Here Is What Climate Change Does to Real Estate

Heat waves, rising sea levels, fire, and drought risks are all believed to be some of the effects of climate change, but it goes far beyond that, as well. On a financial level, real estate prices are impacted dramatically in areas where climate change “believers” reside. Meanwhile, they are higher in other areas (the ones that “deniers” call home). Which side is correct, and who benefits the most financially?

Cheaper Real Estate Is Found in “Believer” Neighborhoods

A study conducted by the UBC Sauder School of Business found that buyers may end up paying much more for a home in an area that is considered to be a climate change “denier” neighborhood. After taking a variety of variables into consideration, the researchers found that homes that are projected to be underwater in the future but located in “denier” neighborhoods sell for about 7% more than homes in “believer” areas.

Can Climate Change and Real Estate Prices Be Predicted?

Risk calculation is a considerable part of the real estate business. The problem with climate change predictions is that they rely on growth projections that have no similar past for basis. Ultimately, it comes down to what people choose to believe. As a result, prices in areas that are prone to the effects of climate change will continue to drop for “believers” and become buying opportunities for “deniers.”

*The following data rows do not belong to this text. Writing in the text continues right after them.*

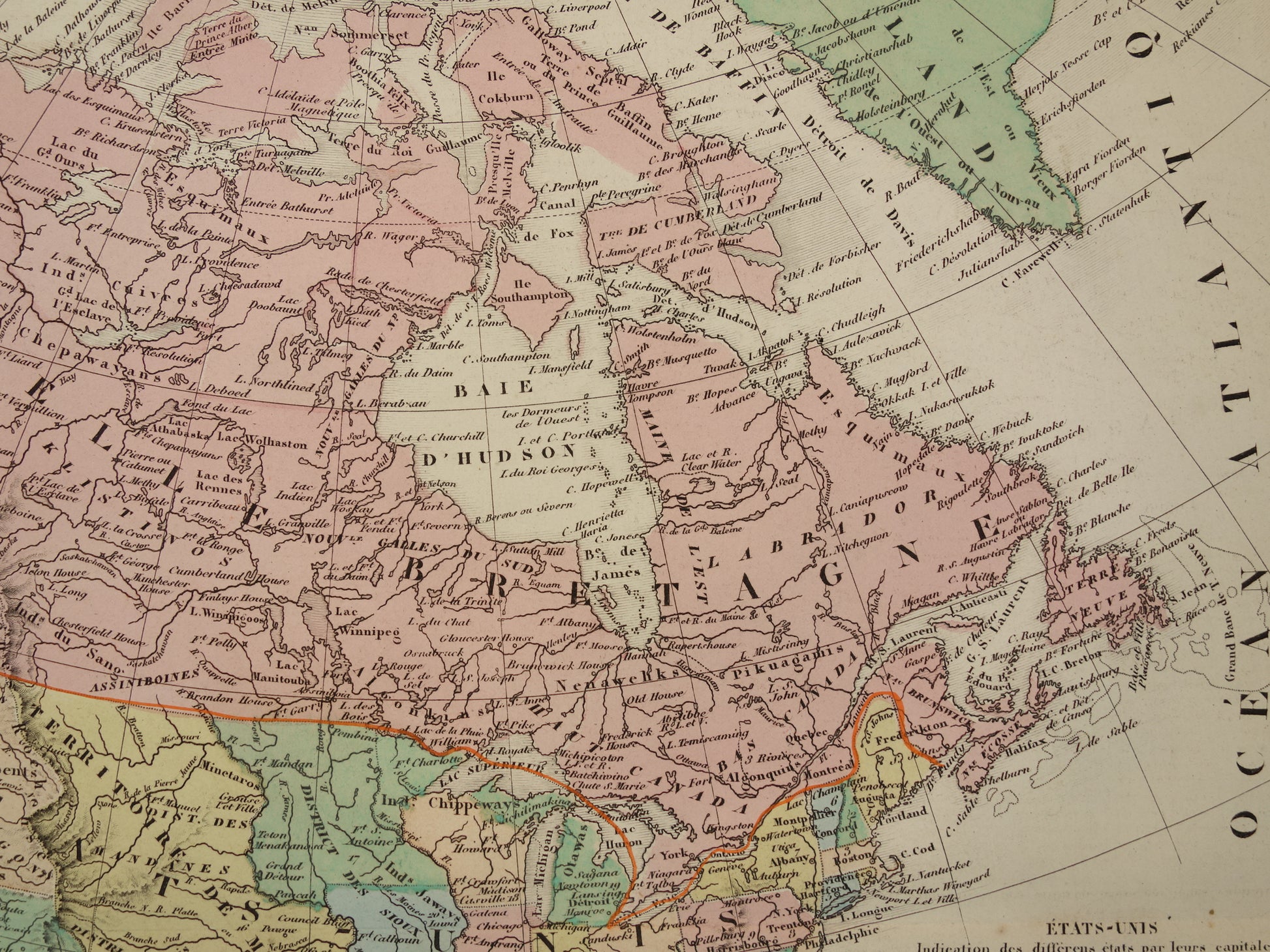 Oude kaart van Noord-Amerika uit 1859 Originele antieke Franse landkaart
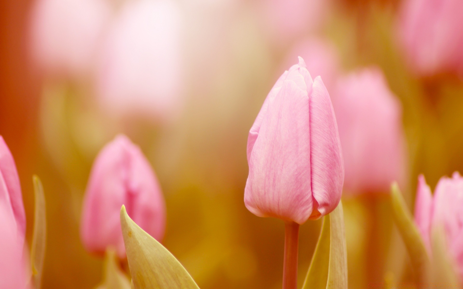 Rosa Tulpen. Blumenfeld bei Sonnenuntergang
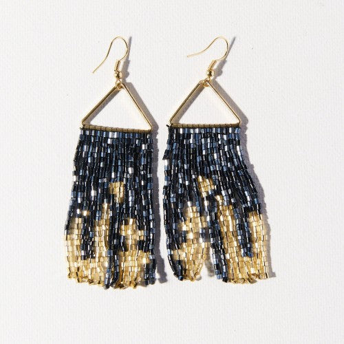 BLUE GOLD IRIDESCENT FRINGE ON TRIANGLE HANGER EARRINGS

How Climate Change Affects Your Real Estate Investment

No matter which side you are on in the climate change debate, there are multiple ways to take advantage of the real estate market. For example, buying beachfront land in neighborhoods where climate change “believers” are a high percentage may prove to be a bad decision, as home prices may continue to drop. However, if you are a climate change “denier,” then this is a golden opportunity to snatch up premium waterfront land at a cheap rate.